Pioen

Column Bollenpraat

Wie een dezer dagen over het Westeinde rijdt, zal het vast niet ontgaan dat het pioenentijd is. Na de tulpen en de alliums is het nu dé bloem om in huis te zetten. De Duitsers noemen hem liefkozend de Pinksterroos (Pfinkstrose). Meestal klopt dat ook wel. De teelt ervan heeft de laatste jaren een enorme boost gekregen, vooral door kwekerslust. De veilingprijzen waren bijna altijd goed. De vervroegde pioenen komen uit Frankrijk en de verlate, bewaarde, bloemen uit de koelcel!

Ook het sortiment is enorm uitgebreid. Vroeger was er bijna uitsluitend de rose, dubbele Sarah Bernard. Nog steeds onverwoestbaar. Maar nu zijn er ook Amerikaanse soorten bijgekomen die zo groot worden als een theepot. Dan moeten ze wel heel rijke teeltgrond tot hun beschikking hebben. Zware grond in b.v. West-Friesland, Drenthe of de Haarlemmermeer. Veel wind, daar kan de pioen niet goed tegen en zilte zeelucht hebben ze ook een hekel aan. Ook essentieel is een voldoende koude winter. De planten moeten vroeg in het najaar gescheurd worden om ze vóór de winter opnieuw uit te planten.

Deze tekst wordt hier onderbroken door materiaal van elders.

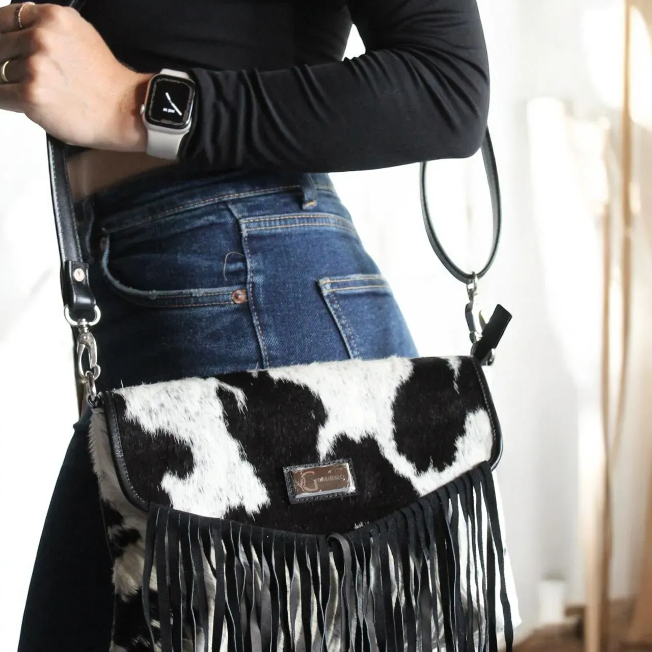 Este bolso combina el carácter salvaje del pelo natural con la elegancia del cuero bovino, en un diseño único y detalles en flecos. Ideal para quienes buscan un accesorio audaz, artesanal y con un estilo inconfundible.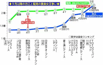 優勝賞金3300万円を獲得し、9月の住友生命レディース東海クラシック終了時に7248万4074円あった賞金ランク1位・稲見との差を396万8474円に詰めた。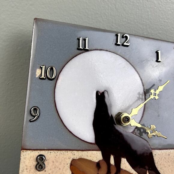 Super cool glazed ceramic tile howling wolf/coyote clock. No manufacturer's marks.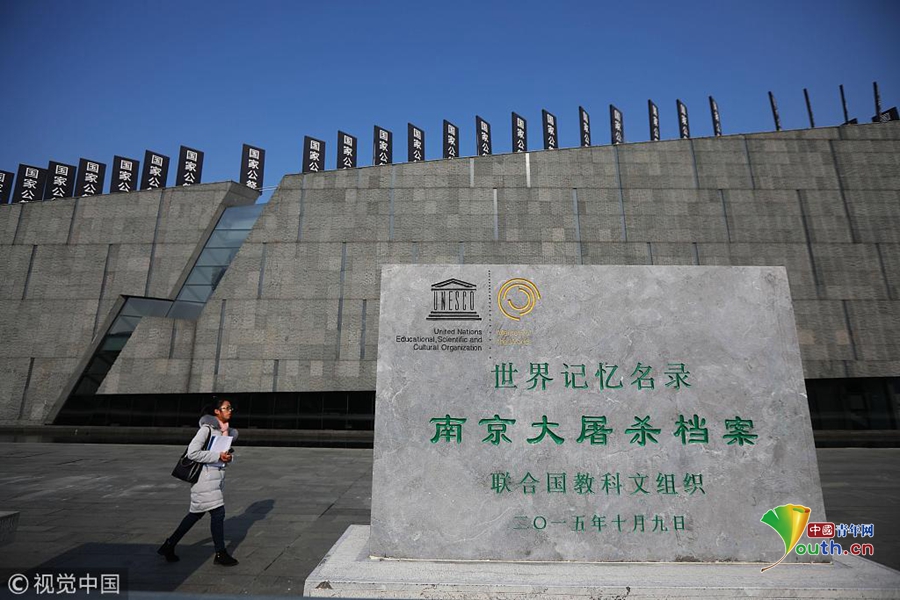 2018年12月12日,工作人员从侵华日军南京大屠杀遇难同胞纪念馆内的“世界记忆名录-南京大屠杀档案”纪念碑前经过。12月13日,南京大屠杀死难者国家公祭仪式将在侵华日军南京大屠杀遇难同胞纪念馆内举行。图片作者:泱波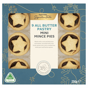 Mincemeat (51%) [Sugar, Apple Purée, Currants (18%), Sultanas (9%), Rapeseed Oil, Sweetened Dried Cranberries (4%) (Sugar, Cranberries, Sunflower Oil), Orange Peel, Glucose Fructose Syrup, PECAN NUTS (1%), Maize Starch, Mixed Spice, Port (0.5%), Acid (Acetic Acid), Lemon Peel, Acidity Regulator (Citric Acid)], Pastry (49%) [Wheat Flour [WHEAT Flour, Calcium Carbonate, Iron, Niacin (B3), Thiamin (B1)), Salted Butter (26%) (Butter (MILK), Salt), Sugar]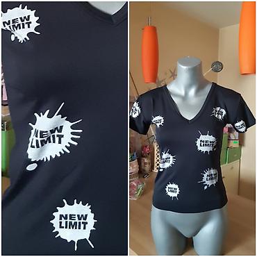 Ženska majica kratkih rukava, crna, sa belim printom “NEW LIMIT” po celoj površini. V-izrez, klasičan kroj koji prati liniju tela.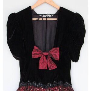 * Vintage 1980s SCOTT McCLINTOCK Black Velvet & Burgundy Taffeta Open Back Party Dress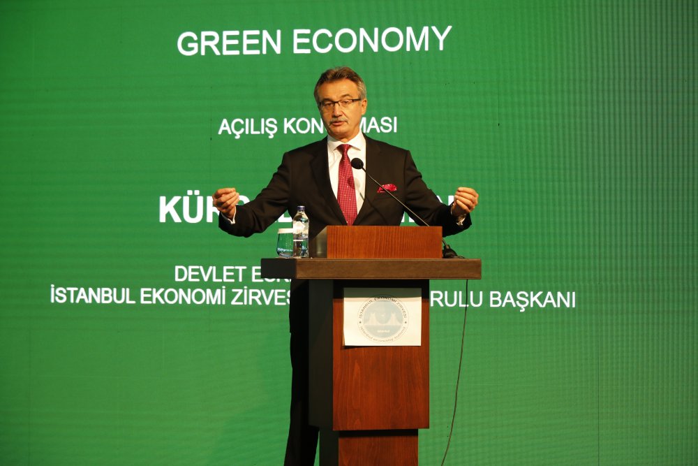 İstanbul Ekonomi Zirvesi Yönetim Kurulu Başkanı Devlet Eski Bakanı Kürşad Tüzmen gelişmekte olan ülkelerin kolay kolay Yeşil Ekonomi bilincine geçemediğini aktararak “Müsteşarlık dönemimde dolar bizim paramız ama sizin sorununuz denmişti. Bugün geldiğimiz noktada bunun gerçek olduğunu görüyoruz. Ama inanıyorum ki hükümetimiz elinden geleni yaparak, bu sorunları aşacak. 2015’te imza atılan Paris Anlaşması’nda,1.5 derece emisyon sıcaklık artışı sınırlandırılması getirildi. Ancak Glasgow’da yapılan toplantıda bu hedefe ulaşmak için yüzde 80 uzakta olduğumuz fark edildi. Gelişmiş ülkeler de bu taahhütleri yerine getiremedi. Ülkeler özveri ile bu konuya ağırlık verirse bu konunun üstesinden gelebiliriz. Türkiye olarak iki şahlanan atımız var bunlar; ihracat ve turizm. Bizler ekonomide, ihracat ve turizm kaynaklarımızı kullanarak Yeşil Ekonomi’ye kaynak sağlayabiliriz” açıklamasında bulundu.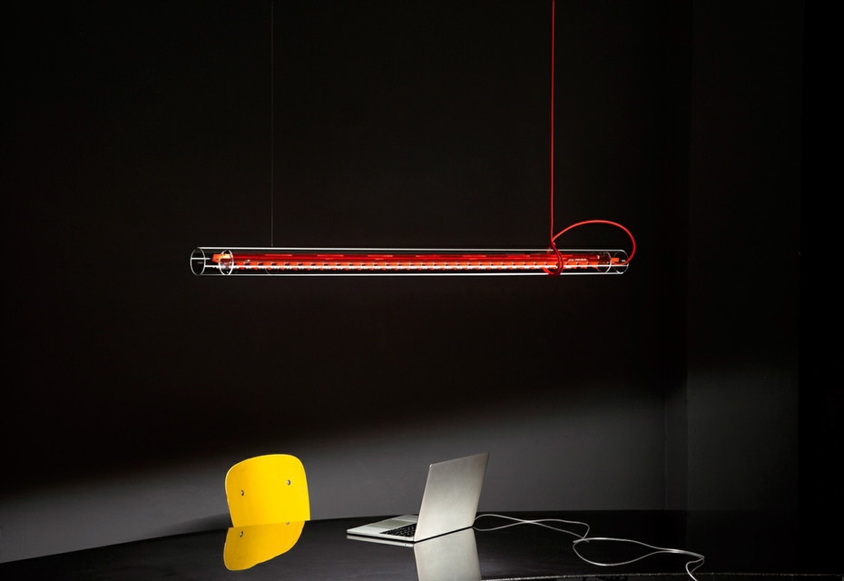 Tubular ist eine multifunktionale Glasleuchte. Das Glasrohr kann um 360 Grad gedreht werden und kann als Downlight, Uplight oder Wallwasher verwendet werden. Die Tubular Pendelleuchte besteht aus Glas, Metall, Textil und Kunststoff. Die Pendelleuchte ist mit rotem Diffusor und rotem Kabel oder mit weißem Diffusor und blauem Kabel erhältlich

Wist u dat er een geneeskrachtige pioen is (P.officinalis)? Het wortelsap is pijnverdovend. Ook zijn er pioenen die heerlijk geuren. Vraag naar de witte Duchenne de Nemours. Boompioenen zijn al heel oud. Ze staan op Chinese schilderijen en op Chinees porselein. Duidelijk herkenbaar. Komt u ooit een keer in Peking, ga dan naar het Paleis van de Hemelse Vrede; de tuin staat er vol met Boompioenen. De teelt van pioenen nu, in Holland, heeft wat last van de z.g. varkenscyclus: steeds meer totdat er overproductie is. Treurt u er vooral niet om, ook na Pinksteren kunt u nog volop genieten van het overvloedige aanbod van de Pfinkstrosen!